The records sit below. Return every line in them that holds the word "with".

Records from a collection
──────────

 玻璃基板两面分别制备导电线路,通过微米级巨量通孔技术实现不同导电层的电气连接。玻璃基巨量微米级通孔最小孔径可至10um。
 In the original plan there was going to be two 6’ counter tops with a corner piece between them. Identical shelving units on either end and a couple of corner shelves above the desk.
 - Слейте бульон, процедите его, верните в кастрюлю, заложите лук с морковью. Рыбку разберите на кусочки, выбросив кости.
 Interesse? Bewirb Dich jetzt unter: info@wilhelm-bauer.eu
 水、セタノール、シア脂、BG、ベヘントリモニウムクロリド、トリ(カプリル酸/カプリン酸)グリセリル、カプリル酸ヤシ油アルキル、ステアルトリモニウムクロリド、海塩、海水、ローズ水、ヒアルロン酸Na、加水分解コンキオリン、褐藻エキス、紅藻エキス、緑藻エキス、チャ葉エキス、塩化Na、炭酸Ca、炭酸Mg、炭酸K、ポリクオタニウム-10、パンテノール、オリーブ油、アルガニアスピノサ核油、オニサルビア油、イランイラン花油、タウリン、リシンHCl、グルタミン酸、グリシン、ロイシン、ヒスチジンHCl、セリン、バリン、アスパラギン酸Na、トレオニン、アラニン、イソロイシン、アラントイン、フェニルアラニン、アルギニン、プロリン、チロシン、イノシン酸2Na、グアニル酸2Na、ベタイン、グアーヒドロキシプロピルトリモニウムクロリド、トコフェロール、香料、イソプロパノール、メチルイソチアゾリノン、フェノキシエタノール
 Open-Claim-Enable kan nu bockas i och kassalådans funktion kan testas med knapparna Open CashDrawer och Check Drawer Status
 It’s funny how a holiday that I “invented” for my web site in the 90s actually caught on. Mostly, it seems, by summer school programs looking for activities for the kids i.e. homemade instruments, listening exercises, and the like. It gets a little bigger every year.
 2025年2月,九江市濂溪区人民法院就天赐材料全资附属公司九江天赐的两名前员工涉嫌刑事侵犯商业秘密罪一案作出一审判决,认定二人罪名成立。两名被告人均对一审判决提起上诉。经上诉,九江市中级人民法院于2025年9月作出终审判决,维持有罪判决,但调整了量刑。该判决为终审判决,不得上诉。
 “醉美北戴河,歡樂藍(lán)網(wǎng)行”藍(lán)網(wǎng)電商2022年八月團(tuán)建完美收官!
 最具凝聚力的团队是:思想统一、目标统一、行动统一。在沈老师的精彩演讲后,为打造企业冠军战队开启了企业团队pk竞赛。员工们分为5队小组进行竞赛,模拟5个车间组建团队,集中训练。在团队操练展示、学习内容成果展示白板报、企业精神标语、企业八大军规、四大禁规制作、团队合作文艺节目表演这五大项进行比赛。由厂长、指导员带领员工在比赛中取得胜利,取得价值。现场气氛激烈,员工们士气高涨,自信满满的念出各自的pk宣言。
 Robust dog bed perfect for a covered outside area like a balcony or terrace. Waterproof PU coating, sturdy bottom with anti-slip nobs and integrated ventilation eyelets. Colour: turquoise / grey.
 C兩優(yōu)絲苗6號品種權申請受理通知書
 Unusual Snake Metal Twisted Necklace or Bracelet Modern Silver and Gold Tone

──────────

• _RESULT FOR THIS EXERCISE_
 In the original plan there was going to be two 6’ counter tops with a corner piece between them. Identical shelving units on either end and a couple of corner shelves above the desk.
 Robust dog bed perfect for a covered outside area like a balcony or terrace. Waterproof PU coating, sturdy bottom with anti-slip nobs and integrated ventilation eyelets. Colour: turquoise / grey.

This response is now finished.